In an exemplary embodiment of the invention, various diagnosis statistics are collected (e.g., and displayed in real time).
In an exemplary embodiment of the invention, a dashboard type display is used. Optionally, the data shown is the data as collected by the database of integration device 300 such data may be substantially real-time, for example, be up-to-date at a resolution of hours, minutes or even less than a minute.
In an exemplary embodiment of the invention, one or more of the following items of data are collected and/or displayed:
(a) Studies per hour (e.g., stored, read, reported);
(b) Number of concurrent users (radiologists and/or referring);
(c) Number of concurrent modalities in action;
(d) Average time for study turnaround;
(e) current state of the system, e.g., one or more of Free CPU, Memory, Database space and Free space on any of the TIERS;
(f) Number of studies awaiting backup;
(g) Number of studies awaiting metadata sync with other obx;
(h) Number of metadata received from other integration device;
(i) Per reader, the queue of studies waiting;
(j) reader overload;
(k) reader diagnosis speed;
(l) reader mistake rate; and/or
(m) reader availability.
At 528, the statistics are optionally analyzed, for example, using rules, into information, for example to identify possible problems and/or opportunities. For example, it is possible to calculate how much output a specific radiologist provides and then promote/fire/chastise him. In another example, it is possible to see if any particular modality is offline (e.g., broken) more often than others and possibly replace/maintain it. In another example, it is possible to preempt problems before they occur, by identifying pre-trouble indicators, like missing radiologist being identified before a real backload appears.
At 530, feedback is provided to a manager and/or to a reader. In the case of a manger, the information is optionally presented in the form of a dashboard of vital statistics and optional with a list of reader and/or hospitals and/or cases that are problematic and/or a list of readers that are underutilized.
In the cases of a reader, the information is optionally provided to show typical reading time and whether or not to expect to complete the worklist.
In an exemplary embodiment of the invention, the provision of an integrated system is used to allow consulting on a case between readers that are in different locations. For example, a first reader can select a logged in reader to consult with and data for consulting is forwarded to the other reader, be the other reader at a different location and currently diagnosing data provided by a different system. Consulting may wait for all data to arrive or may occur as soon as enough data arrived.

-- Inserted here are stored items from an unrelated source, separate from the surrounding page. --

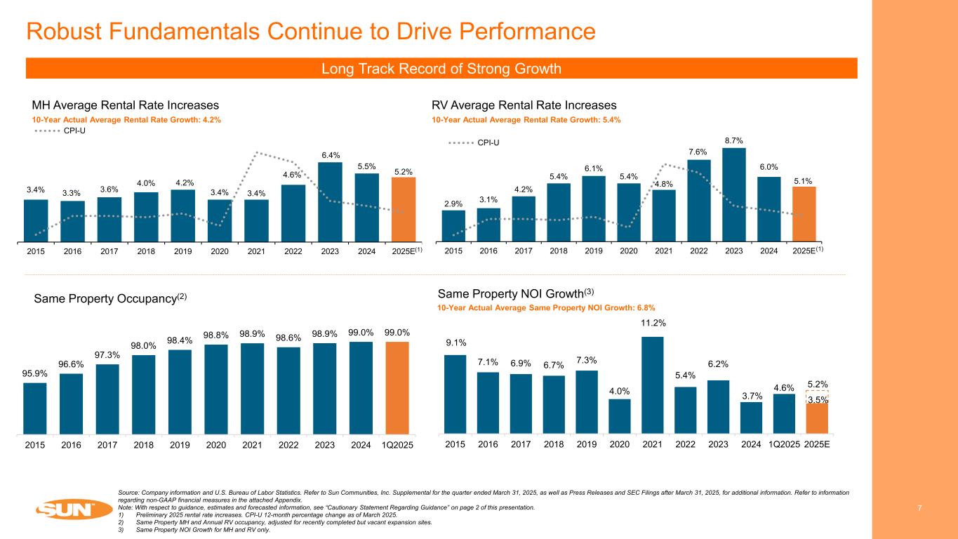 $721 $817 $921 $976 $1,015 $1,045 2020 2021 2022 2023 2024 2025E Resilient Real Property Operations Drive Growth 6 Real Property NOI is the primary driver of results, with MH accounting for ~65% of Real Property NOI(1) MH, RV & UK Real Property NOI (in mms) Rental Income Generates 90% of NOI(1) Forecasted consolidated NOI for the year ending December 31, 2025 Source: Company information. Refer to Sun Communities, Inc. Supplemental for the quarter ended March 31, 2025, as well as Press Releases and SEC Filings after March 31, 2025, for additional information. Refer to information regarding non-GAAP financial measures in the attached Appendix. Note: With respect to guidance, estimates and forecasted information, see “Cautionary Statement Regarding Guidance” on page 2 of this presentation. 1) Forecasted for the year ending December 31, 2025, excluding marinas (1) Real property 90% Home Sales 8% Ancillary 2%
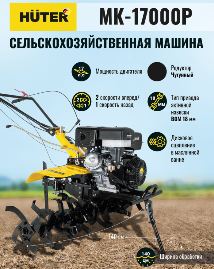 Описание Мотоблок Huter МК-17000M (70/5/31) бензиновый 17л.с.
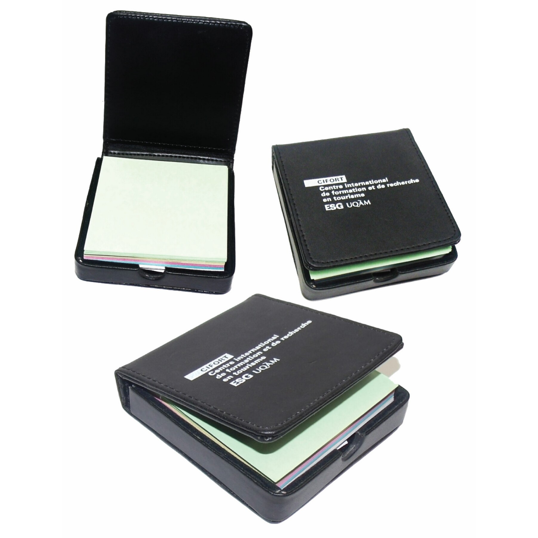 Desk Top Note Pad. 200 Sheets (80G paper). Made from Koskin-simulated leather. Black in color. Measuring 3.25" W x 3.5" H. Our company offers a professional and reliable service for the provision of all your business gifts and promotional products, from artwork generation through to sourcing, production and distribution. 3.25" W x 3.5" H
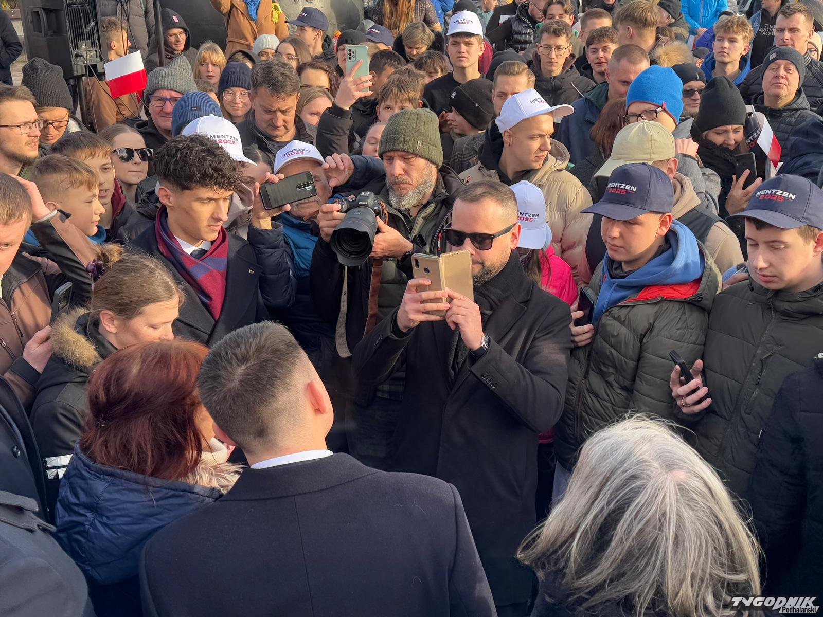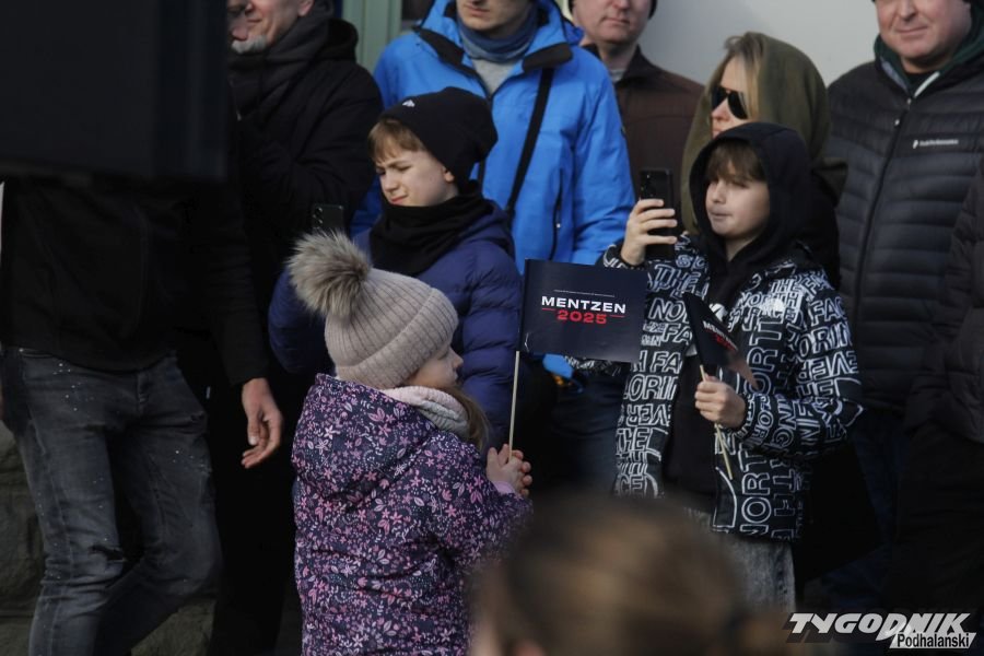 Spotkanie z kandydatem Konfederacji na prezydenta odbyło się na placu pod pomnikiem Mikołaja. Przestronny skwer niemal całkowicie wypełnił się zwolennikami. Mentzenowi towarzyszyli parlamentarzyści jego ugrupowania, między innymi Grzegorz Płaczek, Ryszard Wilk, czy Konrad Berkowicz.
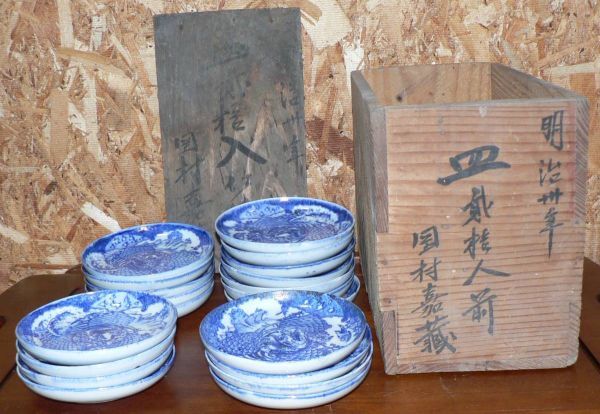 - 皿 まとめ売り ★検索用→ 印判 染付 呉須 食器 磁器 ちどり文 山水文 波文 花文 龍文 明治
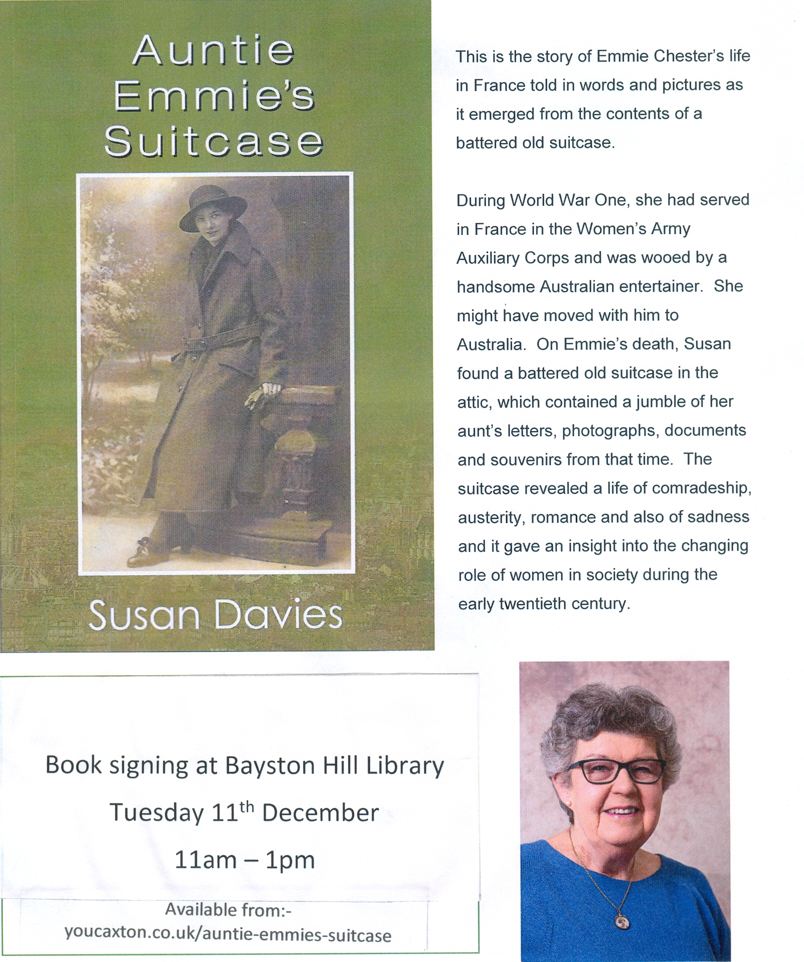 Susan Davies will be signing copies of her book "Aunt Emmie's Suitcase" at Bayston Hill Library between 11.00 a.m. and 1.00 p.m.
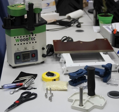 Клеевая станция устройства наносит клей на обрабатываемую поверхность кромки.
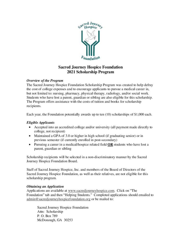 Sacred Journey Hospice Foundation 2021 Scholarship Program Overview of the Program The Sacred Journey Hospice Foundation Scholarship Program was created to help defray the cost of college expenses
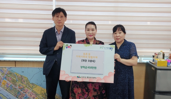 동촌동 지역사회보장협의체(민간위원장 조용숙, 공동위원장 김두한)는 지난 19일, 저소득 중·고등학교 신입생 15명에게 30만원씩 총 450만원의 장학금을 전달했다.
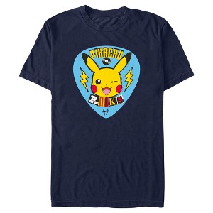 Gotta catch 'em all! Get into the game with the iconic world of Pokemon cards, video games, TV shows, and more with adorable new officially licensed apparel for the whole family featuring all your favorite Pokemon! This Men's Pokemon Pikachu Rocks Graphic T-Shirt features the text: "Pikachu Rocks," with him winking inside a guitar pick across the front. Grab some new Pokemon apparel today and be the envy of all your friends!
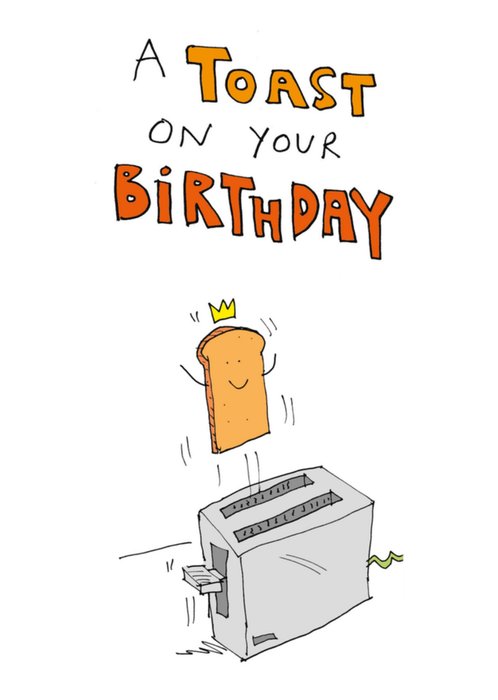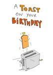 Grappige verjaardagskaart met een geroosterd broodje en de tekst: A toast on your birthday
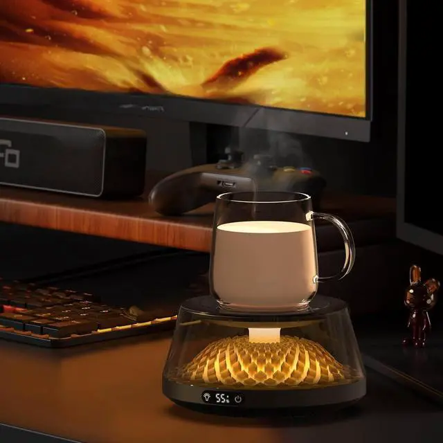 The light-up warming coaster features switchable multicolored lights during heating. Its soft, beautiful hues transform the coaster from a mere tool into a tabletop artwork, enhancing your enjoyment
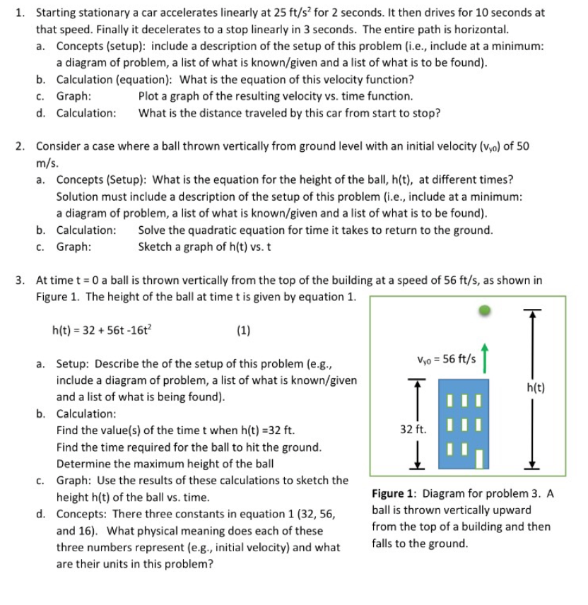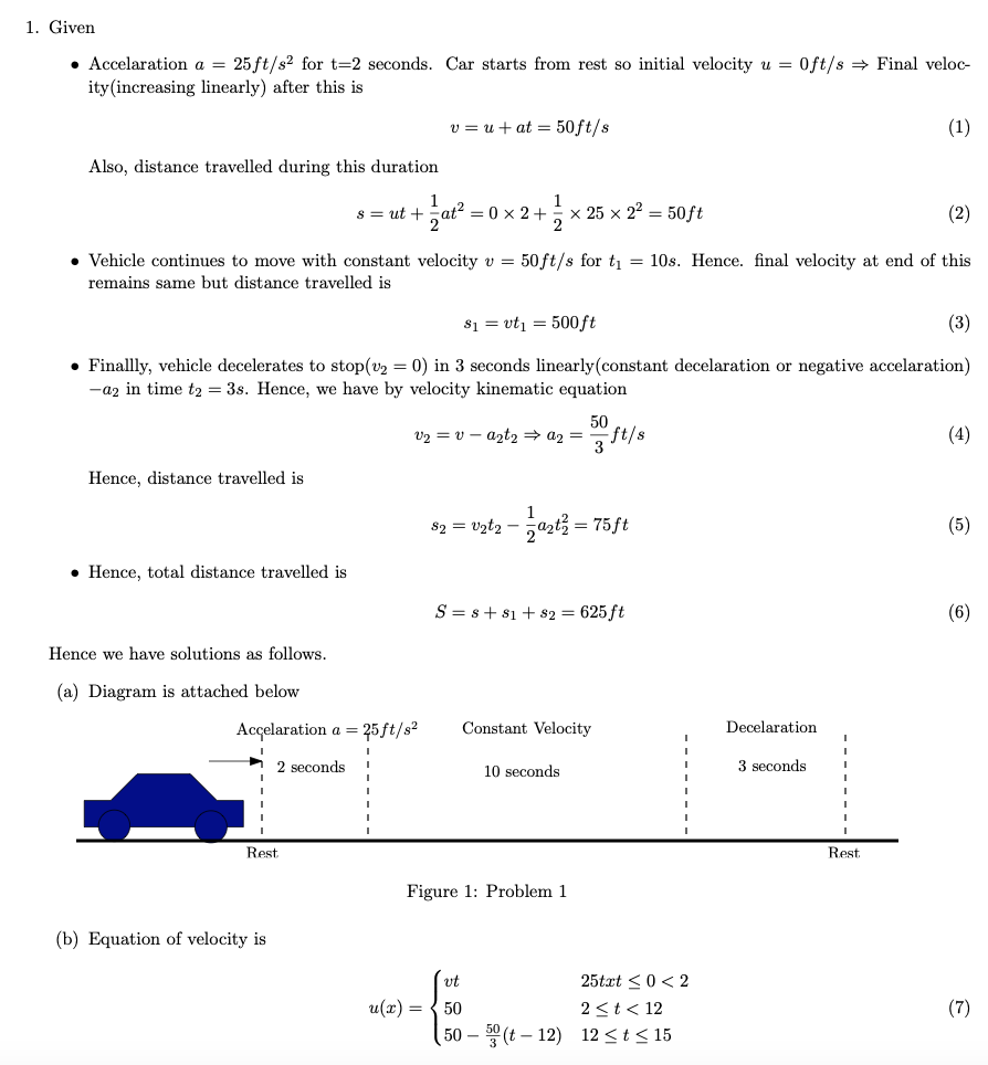 1. Starting stationary a car accelerates linearly at 25 ft/s2 for 2...
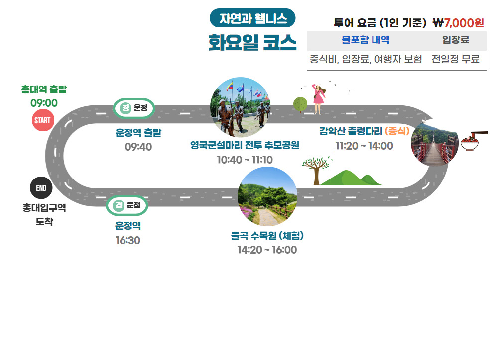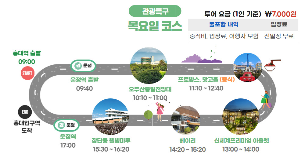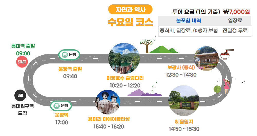 - 정기 코스: 저렴한 7,000원에 다양한 명소 탐방.
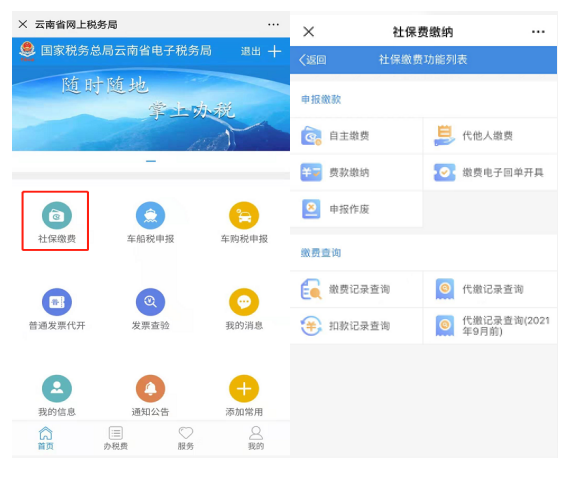1.通过【云南省电子税务局】-【首页】-【社保缴费】进入【社保缴费功能列表】
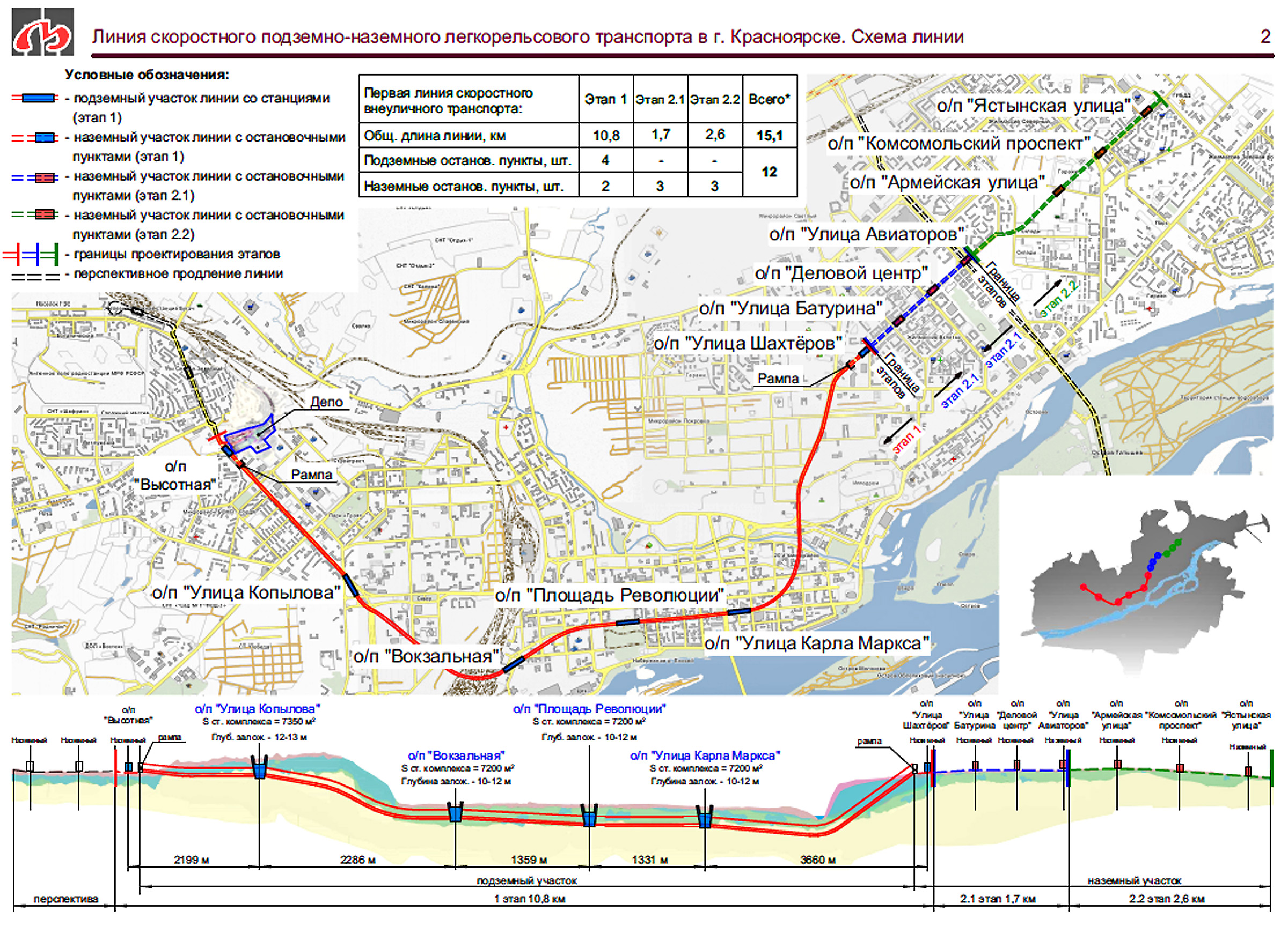Первые два этапа строительства скоростного подземно-наземного рельсового транспорта реализуются в пределах Красноярска, затем метро протянется и в Емельяновский район

Optionally, a consultant is selected according to quality (e.g., bandwidth, availability) of data link and/or other site and/or person specific data managed by integration device 300. Then various cooperation methods known in the art of web sharing may be applied, for example, shared cursor and reflexive annotations. Optionally, a voice channel is provided by integration device 300 as well. Optionally, this process is used for monitoring by a supervisor or for signing of reports while a student watches by. Optionally or alternatively, a chat is opened for cooperation. Optionally or alternatively, instant messenger applications are used. Optionally or alternatively, “sametime” integration is used. Optionally, shared reporting is supported, for example, one reader viewing a report as it is entered and/or optionally being able to annotate it. It should be appreciated that such features can leverage known groupware technologies to the field of radiology, at least in part by integrating across disparate platforms and locations.

Configuration

FIG. 6 is a flowchart of a process 600 of configuring one or more of integration device 300, in accordance with an exemplary embodiment of the invention.
In a typical installation, integration device 300 is provided as a retrofit to an existing complex and often outdated installation. In some cases, device 300 is installed and then gradually takes over tasks of existing installations. For example, a integration device 300 may be provided that takes over the task of a RIS for one department and then later, for additional departments. Optionally or alternatively, other hospital systems are integrated into integration device 300, such as a HIS, although being non-radiological, it may be less common.
In an example of taking over a PACS system:
(a) All system components are configured to work with integration device 300 instead of the legacy PACS.
(b) Integration device 300 performs a metadata takeover of the legacy PACS.
(c) At this stage integration device 300 has a full list of the studies, but every load request is forwarded to the legacy pacs.
(d) Gradually integration device 300 moves the actual data from the legacy PACS to the storage managed by integration device 300.
(e) The legacy PACS is removed from the site.
In some cases, integration device 300 is provided as part of setting up a new installation, for example, a new data center or new reading group site.
In some cases, an existing device is upgraded to be a integration device 300. Optionally, such updating is by adding hardware and/or software.
The following description uses a hospital retrofit as a non-limiting example.

Map Site (602)

At 602, the desired site is optionally mapped, for example, with respect to number of studies (e.g., procedures/year index), number of users on slow lines, total number of users, average concurrent and/or maximum number of users, future plans, identification of systems and/or power and cooling supplies.

Select & Connect (604)

In an exemplary embodiment of the invention, based on the map and/or a desire for future growth, a specific configuration (e.g., CPU, memory, disk) for integration device 300 (or several such devices) is selected (e.g., including processing power, storage, bandwidths and/or memory. Optionally, more than one box are selected, for example, if the total load is above a threshold or if a higher availability is desired.
An integration device 300 is selected according to the desired configuration and physically installed in the hospital (or other site), by connection to LAN, power, cooling and/or storage networks (such as SAN, NAS, CAS, storage switch, LAN).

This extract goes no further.